In its report to the DRB, the District IX Ethics Committee likewise perceived the "gist of the matter" as respondent's unauthorized disbursement of $955 of complainants' funds to respondent's client. In that connection the local Committee found that

at the time of the disbursement Respondent was on clear notice that there was a dispute as to payment of the architect's bill and the return of the $1,000 to Complainants. He received no authorization from Handwerkers to disburse their funds to his client and relied upon his client's representation that he had secured approval from the Handwerkers for his receipt of the $955.00.

Both the local Committee and the DRB concluded that respondent's disbursement to his client of complainants' funds without authorization and in the face of an express written prohibition was clearly violative of DR1-102(A)(6), proscribing lawyer conduct "that adversely reflects on * * * fitness to practice law."

We agree. Our independent examination of the entire record satisfies us that the stated ethical transgression has been established by clear and convincing proof. In reaching this conclusion we underscore the local Committee's finding recited above, with which we concur, that respondent "relied upon his client's representation that [the client] had secured approval" from complainants for the proposed disbursement. Had it been established by clear and convincing evidence, as it was not, that respondent did

[91 NJ Page 410]

not believe his client's representation or that despite that representation he nevertheless was aware that complainants still objected to the disbursement, then we would impose more severe discipline. But even accepting respondent's position that he released the funds only after firm assurances from his client that the dispute over the deposit monies had been resolved and that complainants had no objection to the proposed disbursement, nevertheless the ethical violation remains plain.
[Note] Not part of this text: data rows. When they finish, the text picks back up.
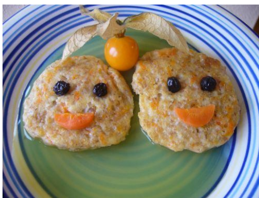
11. Украшение каши с подливкой из киселя
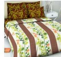
5112 «Музыка востока»
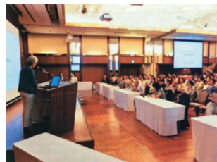
緑化に関する講習・研修・イベントなど
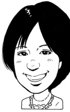
ワクワク 姓名判断
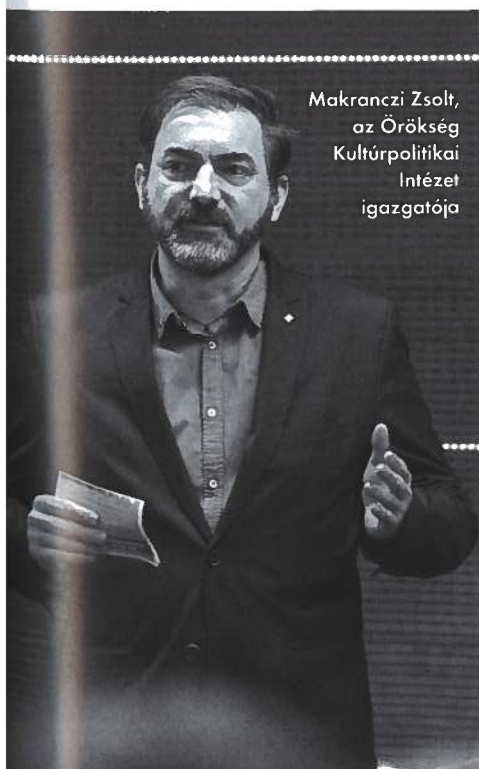
Makranczi Zsolt, az Örökség Kultúrpolitikai Intézet igazgatója
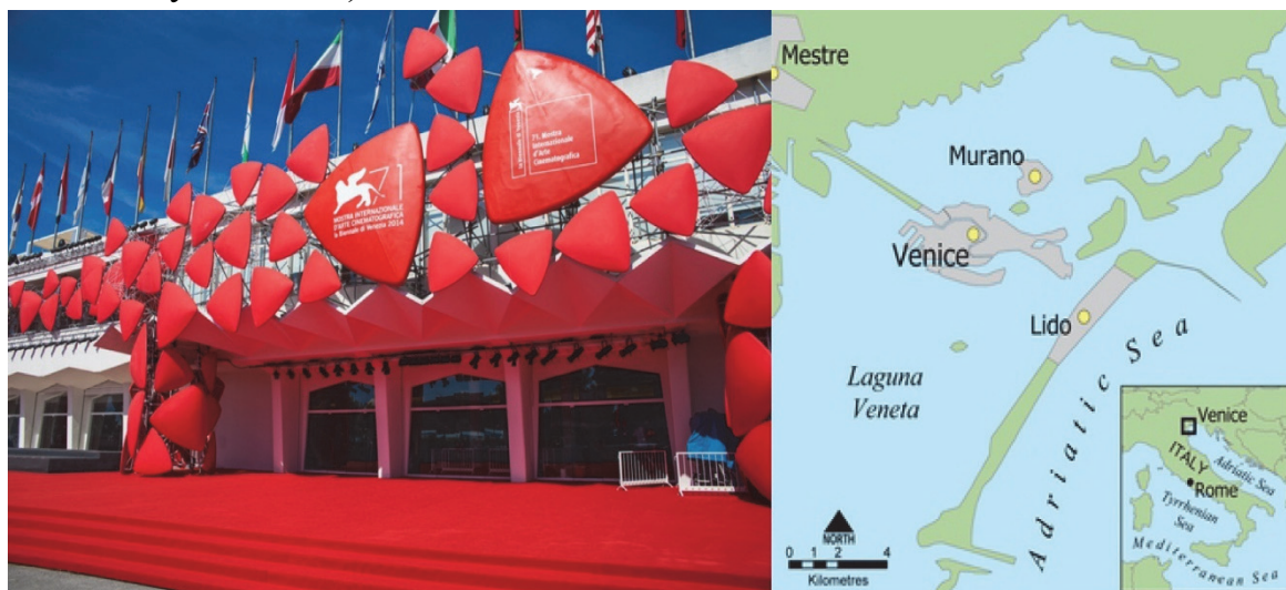
Рис.3 Дворец кино (Palazzo del Cinema) на острове Лидо в Венеции, Италия

Следует учесть особенности прилегающего к будущему комплексу участка. Здание должно быть доступно и досягаемо (можно легко составить план местности, добраться, доехать общественным транспортом, возможно разместить на стоянке туристские автобусы или личные автомобили). Участок должен позволять решить вопросы реконструкции здания, пристройки дополнительных помещений. Доступность подразумевает также, что службы, задействованные в обеспечении безопасности комплекса, выполняют свои задачи беспрепятственно. При выборе участка или здания обязательно учитываются требования безопасности, предъявляемые к культурно-зрелищным учреждениям (наличие близлежащих зданий, их размещение относительно комплекса, наличие общих переходов). Учитывается и перспектива развития местности (строительство еще каких-либо зданий, коммуникаций, прокладка дорог и т. п., что может повлиять на качество внешней и внутренней среды киноконцертного комплекса, потребовать от него дополнительных затрат на ликвидацию негативных последствий: загазованности воздуха, вибрации, излишнего шума и т. д.).
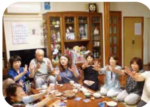
遠見ヶ岡区いきいきサロンの活動
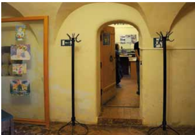
Исходные условия — два маленьких по площади и невысоких помещения
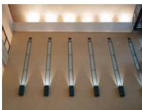
壁面に設けられた150Wセラミックメタルハライドランプ投光器
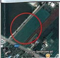
BILANT TERITORIAL EXISTENT CF 53037
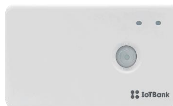
人感センサー 熱中症リスクの感知

協力員の連絡先を事前登録できますが、利用者から協力員への発信（5分以上）は有料です。ただし、コールセンターへの通報、協力員が発信した場合の通話は無料です。小松市内に限り、通報時の位置情報が発信されます。
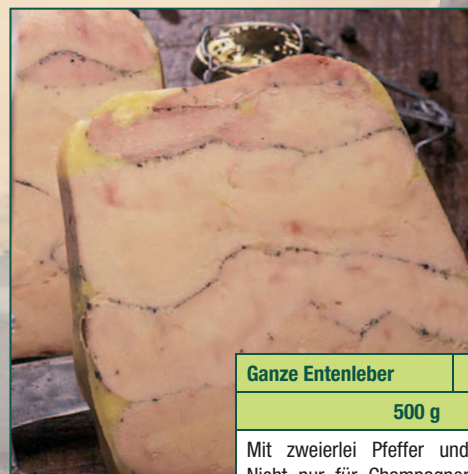
Ganze Entenleber 27644 500 g

Mit zweierlei Pfeffer und Champagner. Nicht nur für Champagnerfreunde. Halbkonservenschale.
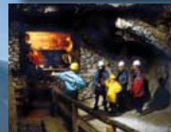
Silberbergwerk Schwaz siehe Seite 178
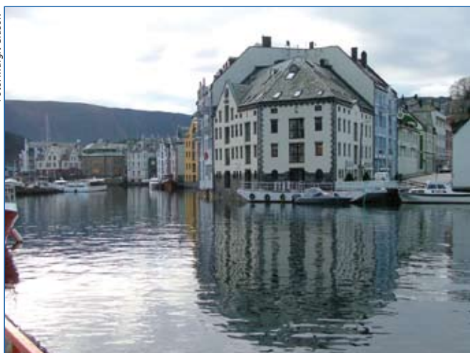
Blick auf Ålesund

wir wo anlegen und welche Ausflüge angeboten werden. Heute erreichen wir gegen Mittag Ålesund, die „Jugendstilstadt“. Eine geführte Stadtwanderung steht auf dem Programm. Die Temperaturen sind mild, kein Schnee, keine Glätte, und ich entschlief mich, den Rundgang mit der Gruppe so lange mitzumachen, wie es mir vom Tempo her möglich ist.

Under the circumstances, respondent was not justified in relying solely on his client's representation, particularly in the face of the written demand from complainants, who were unrepresented by counsel, that their deposit be returned. A simple telephone call or short letter to complainants seeking confirmation of the disbursement arrangement would have fulfilled the ethical obligation and avoided or at least foreshortened an entirely unnecessary acrimonious dispute.

Although the violation is clear, the issue of appropriate discipline is somewhat more difficult. The local Committee recommended a private letter of reprimand. The DRB, taking note of respondent's previous suspension in 1977 for improperly invading a client's funds held in his trust account, breaching a fiduciary duty in respect of an escrow account, and giving false testimony in regard thereto, see In re Power, 72 N.J. 452 (1977), recommended that respondent be publicly reprimanded. Although we regard respondent as hovering on the brink of suspension, we conclude that in light of his contrition before the local Committee and the absence of any evidence of malicious intent, a public reprimand represents discipline in keeping with the infraction. The indulgence represented by that discipline will not be forthcoming should respondent again run afoul of the Disciplinary Rules.

Respondent is hereby publicly reprimanded. In addition, he shall reimburse the Administrative Office of the Courts for appropriate costs, including the cost of transcripts.

So ordered.

[91 NJ Page 411]


The Disciplinary Review Board having filed a report with this Court charging JOHN S. POWER of Brielle with unprofessional conduct, and good cause appearing;

It is ORDERED that JOHN S. POWER be and hereby is publically reprimanded and that a permanent record of this reprimand shall be retained in respondent's file; and it is further

Ordered that JOHN S. POWER reimburse the Administrative Office of the Courts for appropriate administrative costs incurred in this matter, including the cost of transcripts.